Wang Gaowei, Su Hang, Yu Helin, Yuan Ruoshi, Zhu Xiaomei, Ao Ping
Ministry of Education Key Laboratory of Systems Biomedicine, Shanghai Center for Systems Biomedicine, Shanghai Jiao Tong University, Shanghai, China.
GenMath, Seattle, WA, USA.
J R Soc Interface. 2016 Feb;13(115):20151115. doi: 10.1098/rsif.2015.1115.
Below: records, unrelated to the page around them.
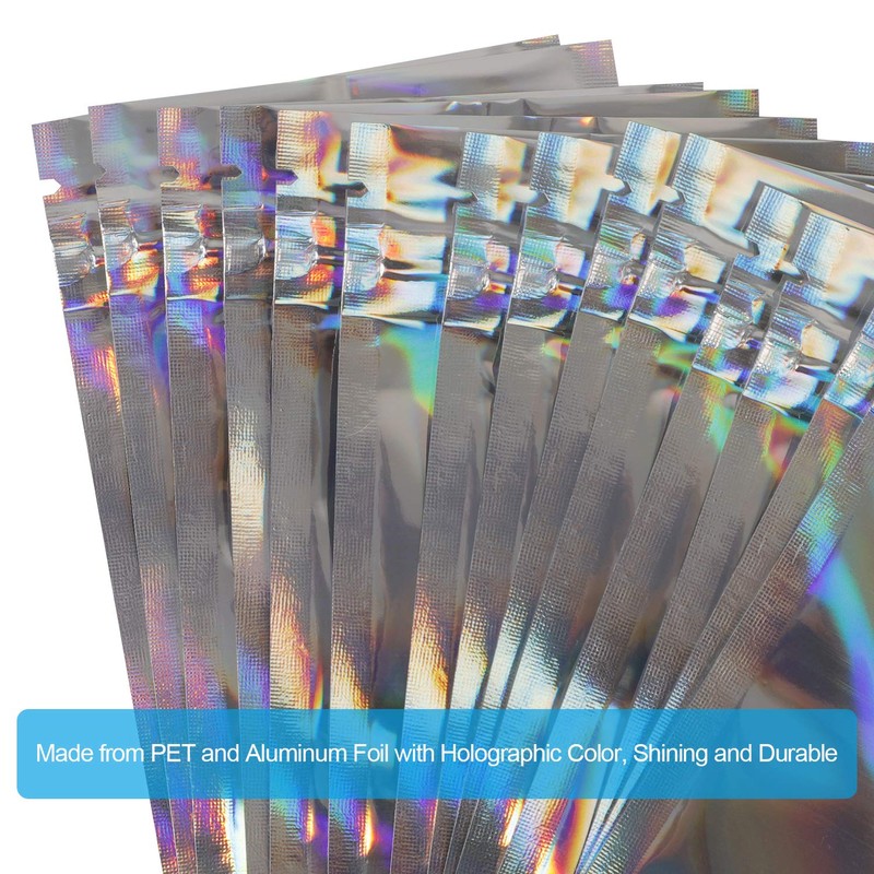 - HIGH-QUALITY MATERIAL - These storage bags made from PET and aluminum foil with holographic color, shining and durable, comes with premium tight resealable zip lock, convenient to close and open, waterproof and smell proof, keep things organized and clean.
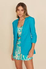 Este Blazer, confeccionado em Linho, é versátil e confortável, pois conta com fechamento frontal por colchete e mangas 7/8.
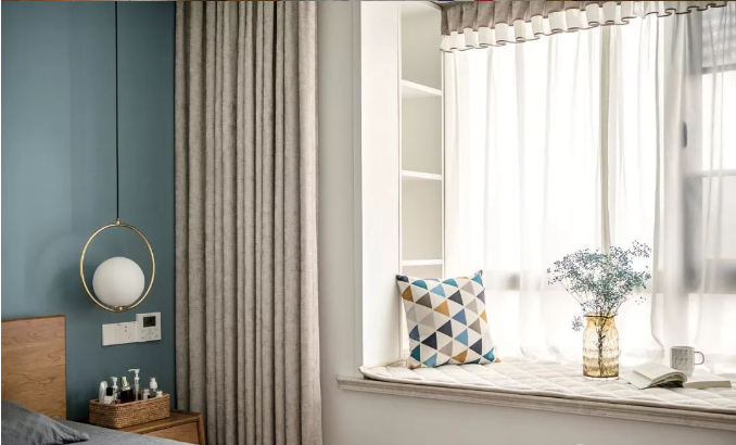 臥室飄窗是一個很好的休閑之處,因為有大面積的玻璃,視野很好,采光也很好,可以在這里靜看窗外風(fēng)景,曬太陽休閑都是不錯的選擇。
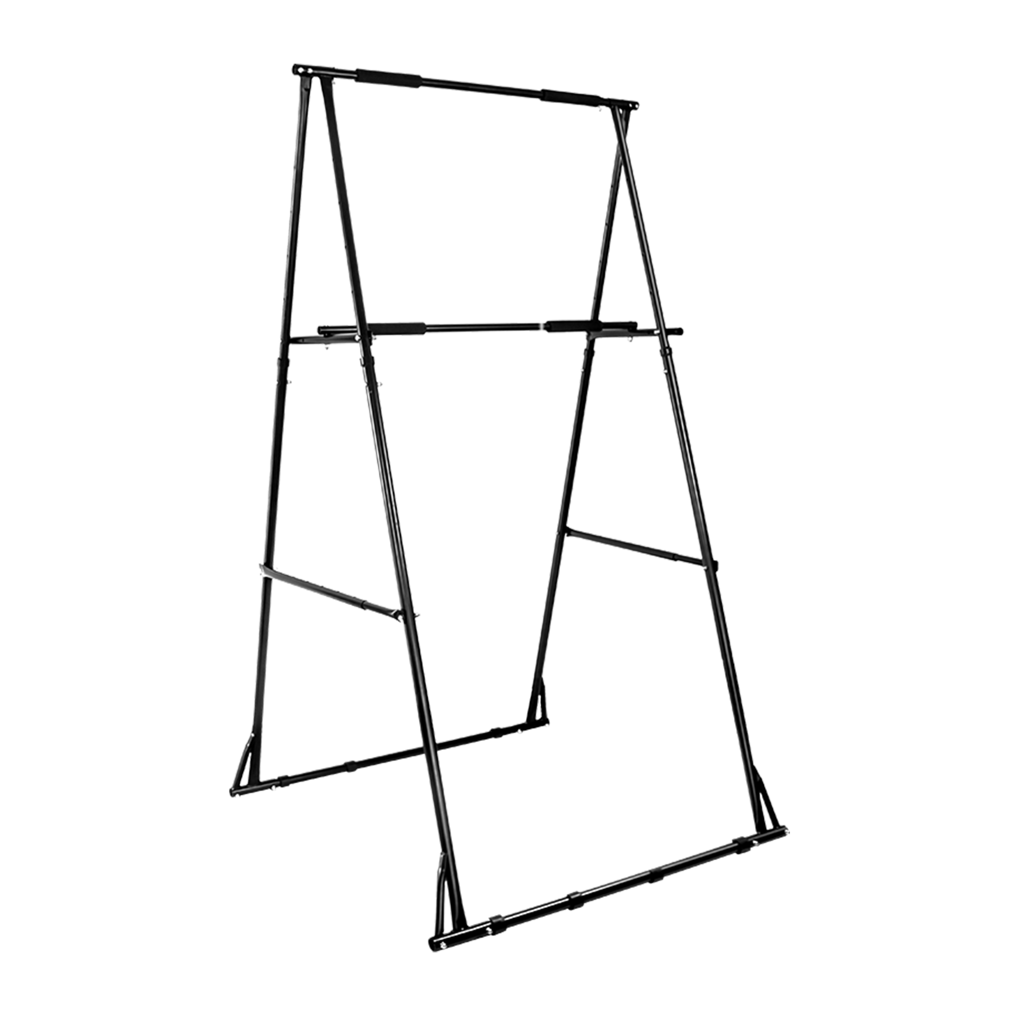 Its free-standing design allows you to move it easily around your house – or even take it outside when weather permits. Unlike using a wall- or door-mounted pull-up apparatus, you can fold it up and stash it out of sight when guests arrive. It accommodates full body swings – no knee bending needed to keep your feet off the ground. Soft, cushioned foam handle grips are easy on your hands, even during the most rigorous workout. Sturdy support bars reduce wobble by an incredible 92 per cent.

Cancers have been typically characterized by genetic mutations. Patterns of such mutations have traditionally been analysed by posteriori statistical association approaches. One may ponder the possibility of a priori determination of any mutation regularity. Here by exploring biological processes implied in a mechanistic theory recently developed (the endogenous molecular-cellular network theory), we found that the features of genetic mutations in cancers may be predicted without any prior knowledge of mutation propensities. With hepatocellular carcinoma (HCC) as an example, we found that the normal hepatocyte and cancerous hepatocyte can be represented by robust stable states of one single endogenous network. These stable states, specified by distinct patterns of expressions or activities of proteins in the network, provide means to directly identify a set of most probable genetic mutations and their effects in HCC. As the key proteins and main interactions in the network are conserved through cell types in an organism, similar mutational features may also be found in other cancers. This analysis yielded straightforward and testable predictions on accumulated and preferred mutation spectra in normal tissue. The validation of predicted cancer state mutation patterns demonstrates the usefulness and potential of a causal dynamical framework to understand and predict genetic mutations in cancer.
癌症通常以基因突变作为特征。此类突变模式传统上是通过事后统计关联方法进行分析的。人们可能会思考先验确定任何突变规律的可能性。在此,通过探索最近发展的一种机制理论(内源性分子 - 细胞网络理论)中所蕴含的生物学过程,我们发现无需任何关于突变倾向的先验知识,就可以预测癌症中基因突变的特征。以肝细胞癌(HCC)为例,我们发现正常肝细胞和癌性肝细胞可以由一个单一内源性网络的稳健稳定状态来表示。这些由网络中蛋白质表达或活性的不同模式所确定的稳定状态,提供了直接识别一组最可能的基因突变及其在HCC中的作用的方法。由于网络中的关键蛋白质和主要相互作用在生物体的细胞类型中是保守的,所以在其他癌症中可能也会发现类似的突变特征。该分析对正常组织中累积和偏好的突变谱产生了直接且可检验的预测。对预测的癌症状态突变模式的验证证明了因果动力学框架在理解和预测癌症基因突变方面的有用性和潜力。